> **AIM OF THE TASK**: Nothing but the lines from the one containing "Signed watercolour on" through the last line of the records belongs in the answer, copied exactly and with the pictures left out.

Records from a data collection:
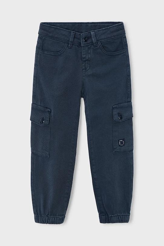 Детские брюки из коллекции Mayoral из тонкой, слегка эластичной ткани. Модель выполнена из исключительно комфортного материала с высоким содержанием хлопка. - Для производства использовался хлопок, полученный в результате экологически устойчивого производства, что обеспечивает минимально возможное потребление воды и экологически безопасное окрашивание. - Брюки слегка приталенные на бедрах. - Крой с зауженными брючинами, не стесняющими движений. - Ножки отделаны удобными эластичными манжетами. - Два накладных кармана спереди. - Карманы для груза обеспечивают дополнительное место для хранения мелких предметов. - Врезной, отстегивающийся карман сзади.
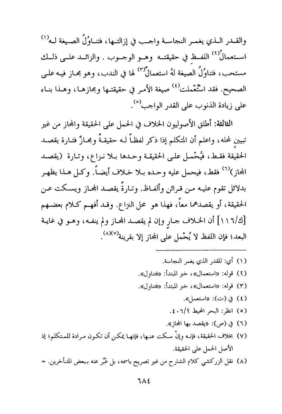 (¬٨) نقل الزركشي كلام الشارح من غير تصريح باسمه، بل عَبَّر عنه ببعض المتأخرين. =
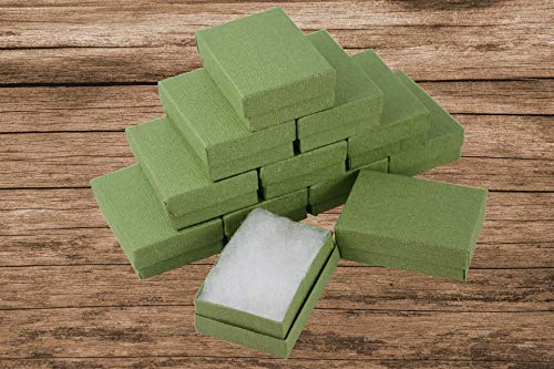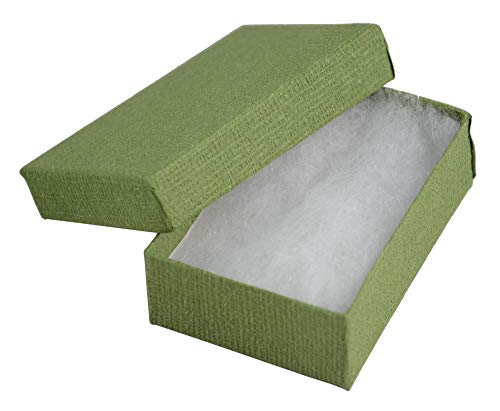 Boxdisplays - 24 scatole rettangolari in lino verde, in cartone per gioielli, anelli, orecchini, ciondoli, medaglie, confezione regalo, 82 x 58 x 26 mm
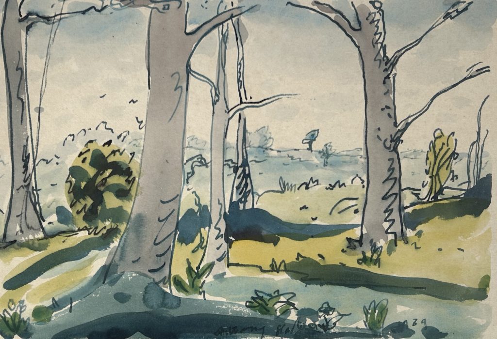 Signed watercolour on handmade paper. Image measures 26cm x 36.5cm. Conservation mounted. Condition: Laid down. Colours clear, unfaded. Light time toning.
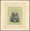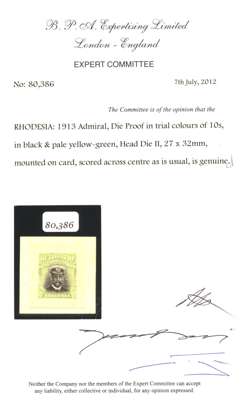 1913 10/- Die Proof in trial colours of black and pale yellow-green, 27 x 32mm mounted on card 38mm square. Horizontally scored, as usual. Rare. BPA Certificate (2012). For SG 241

> **SOLUTION BELOW**:
 Signed watercolour on handmade paper. Image measures 26cm x 36.5cm. Conservation mounted. Condition: Laid down. Colours clear, unfaded. Light time toning.
 1913 10/- Die Proof in trial colours of black and pale yellow-green, 27 x 32mm mounted on card 38mm square. Horizontally scored, as usual. Rare. BPA Certificate (2012). For SG 241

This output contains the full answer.